# Playboy - Umfrage



## PackerGermany (12 Apr. 2014)

Habe hier mal eine Liste erstellt mit deutschsprachigen Damen, bei denen ich Spaß hätte Sie mal auf dem Playboy-Cover zu sehen. 
Es sind nur Damen bei denen mir nicht bekannt ist, dass es irgendwann einmal freizügige Fotos gegeben hat.

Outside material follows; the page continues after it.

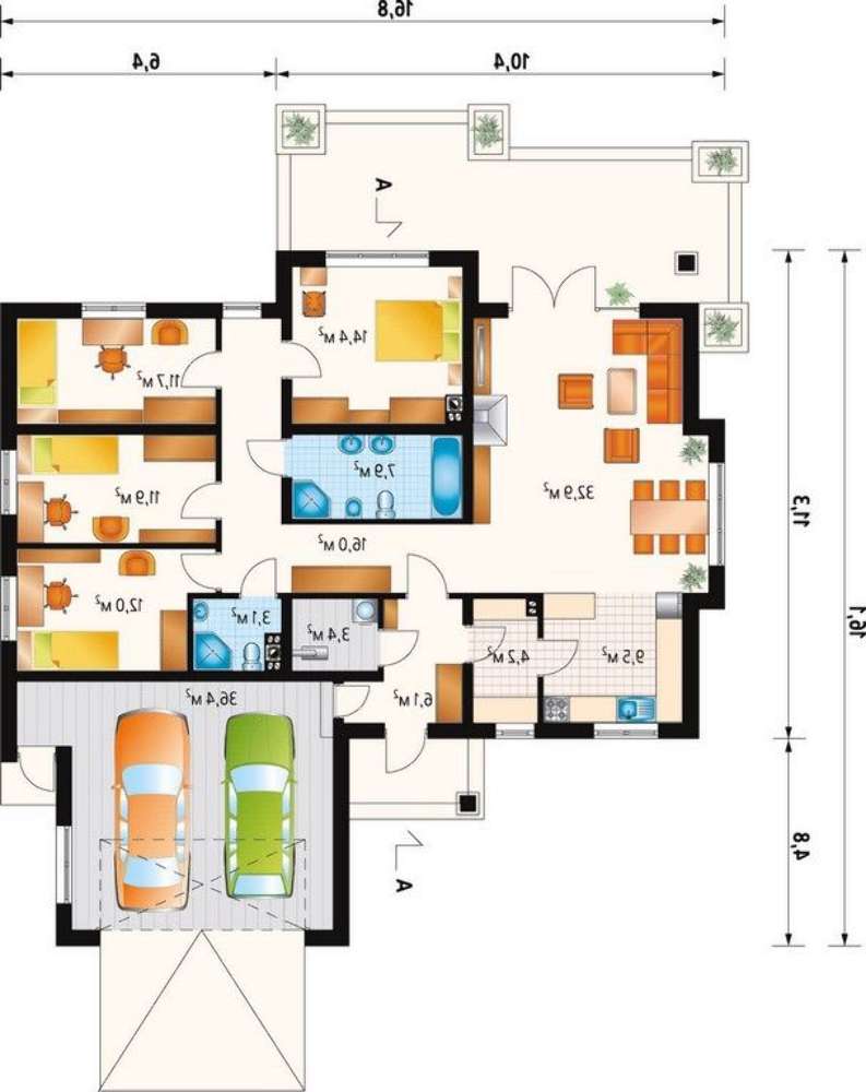• 4M3427 Проект просторного одноэтажного дома

Wie sieht es bei euch aus?


----------



## Akrueger100 (12 Apr. 2014)

*Du Hast Madeleine Wehle Vergessen*


----------



## PackerGermany (12 Apr. 2014)

Akrueger100 schrieb:


> *Du Hast Madeleine Wehle Vergessen*



Sorry, aber deshalb habe ich dabei geschrieben. "Damen an denen ICH Spaß hätte" 

:thumbup:

Und da hätte ich auch gerne noch ein paar hinzu gefügt, aber mehr als 30 gibt es ja nicht zur Auswahl bei den Umfragen.


----------



## Chamser81 (12 Apr. 2014)

Vor ein paar Jahren hätte ich an erster Stelle die Babsi Schöneberger genannt. Aber mittlerweile bevorzuge ich da eher die Palina!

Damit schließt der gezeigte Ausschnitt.